* [DATASET EXTRACT]:

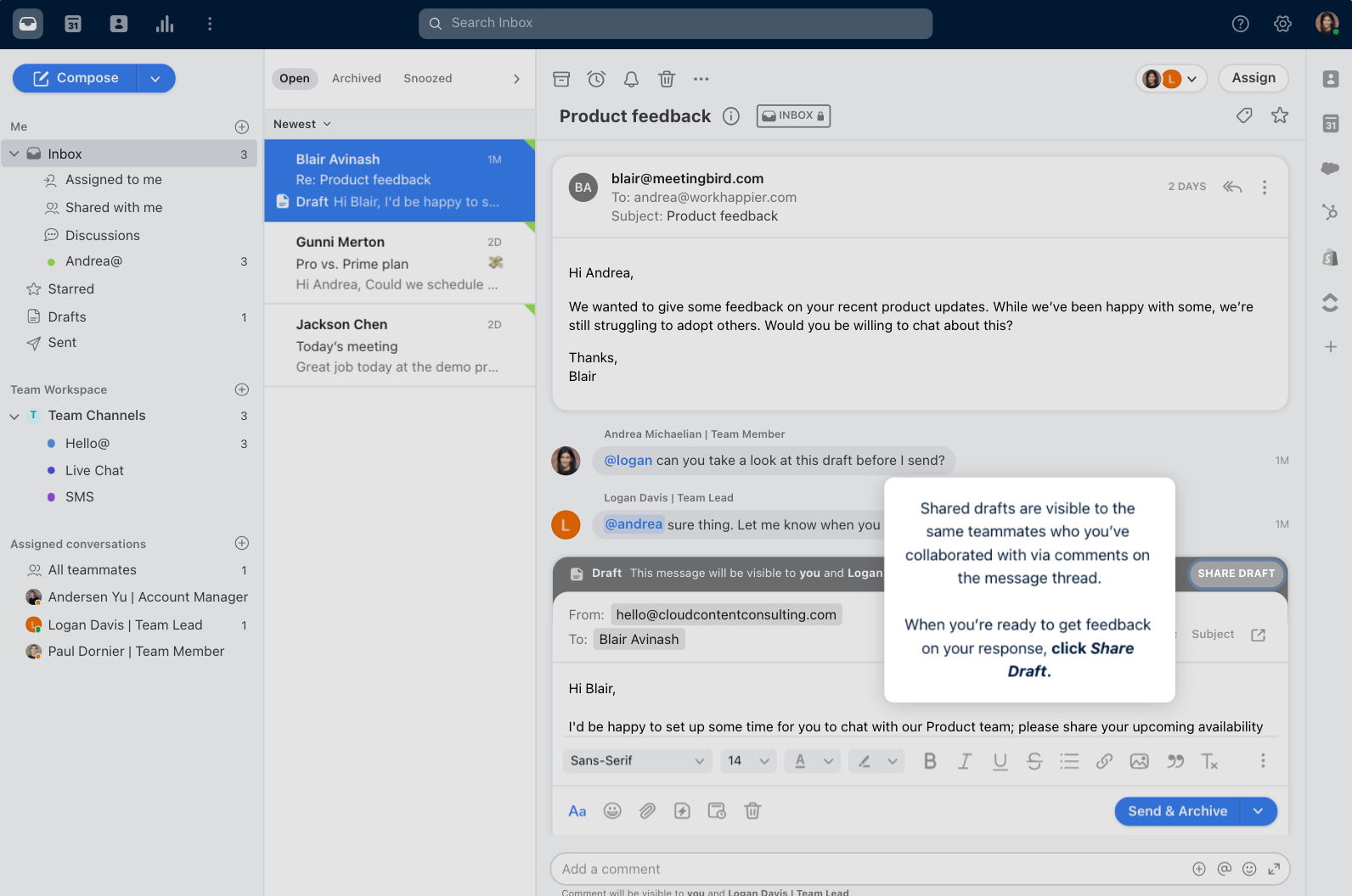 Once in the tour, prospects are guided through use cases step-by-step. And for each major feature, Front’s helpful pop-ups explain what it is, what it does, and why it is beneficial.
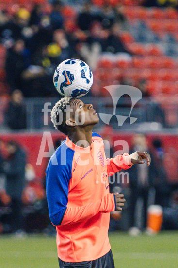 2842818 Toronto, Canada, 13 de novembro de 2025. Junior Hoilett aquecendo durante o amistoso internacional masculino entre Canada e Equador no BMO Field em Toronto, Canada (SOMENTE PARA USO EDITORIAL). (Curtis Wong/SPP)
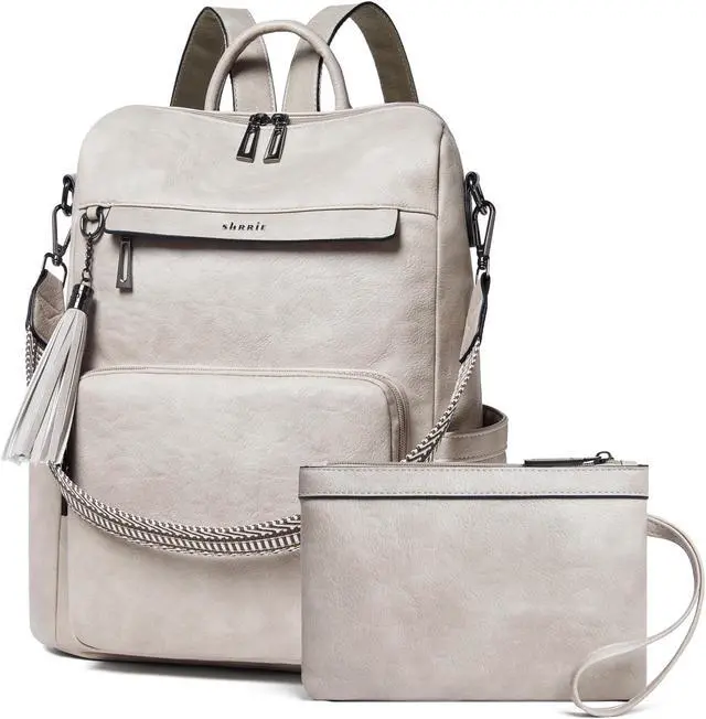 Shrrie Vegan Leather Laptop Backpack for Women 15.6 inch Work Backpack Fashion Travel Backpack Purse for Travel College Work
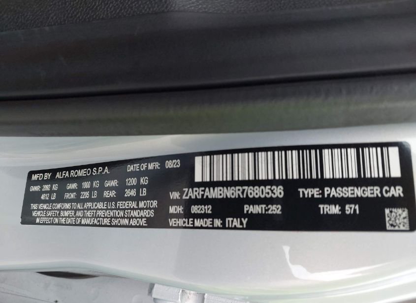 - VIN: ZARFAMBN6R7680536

* [EXERCISE DIRECTIONS]:
After removing the pictures, restate the whole listing above word for word.

* [FINISHED TASK]:
 Once in the tour, prospects are guided through use cases step-by-step. And for each major feature, Front’s helpful pop-ups explain what it is, what it does, and why it is beneficial.
 2842818 Toronto, Canada, 13 de novembro de 2025. Junior Hoilett aquecendo durante o amistoso internacional masculino entre Canada e Equador no BMO Field em Toronto, Canada (SOMENTE PARA USO EDITORIAL). (Curtis Wong/SPP)
 Shrrie Vegan Leather Laptop Backpack for Women 15.6 inch Work Backpack Fashion Travel Backpack Purse for Travel College Work
 - VIN: ZARFAMBN6R7680536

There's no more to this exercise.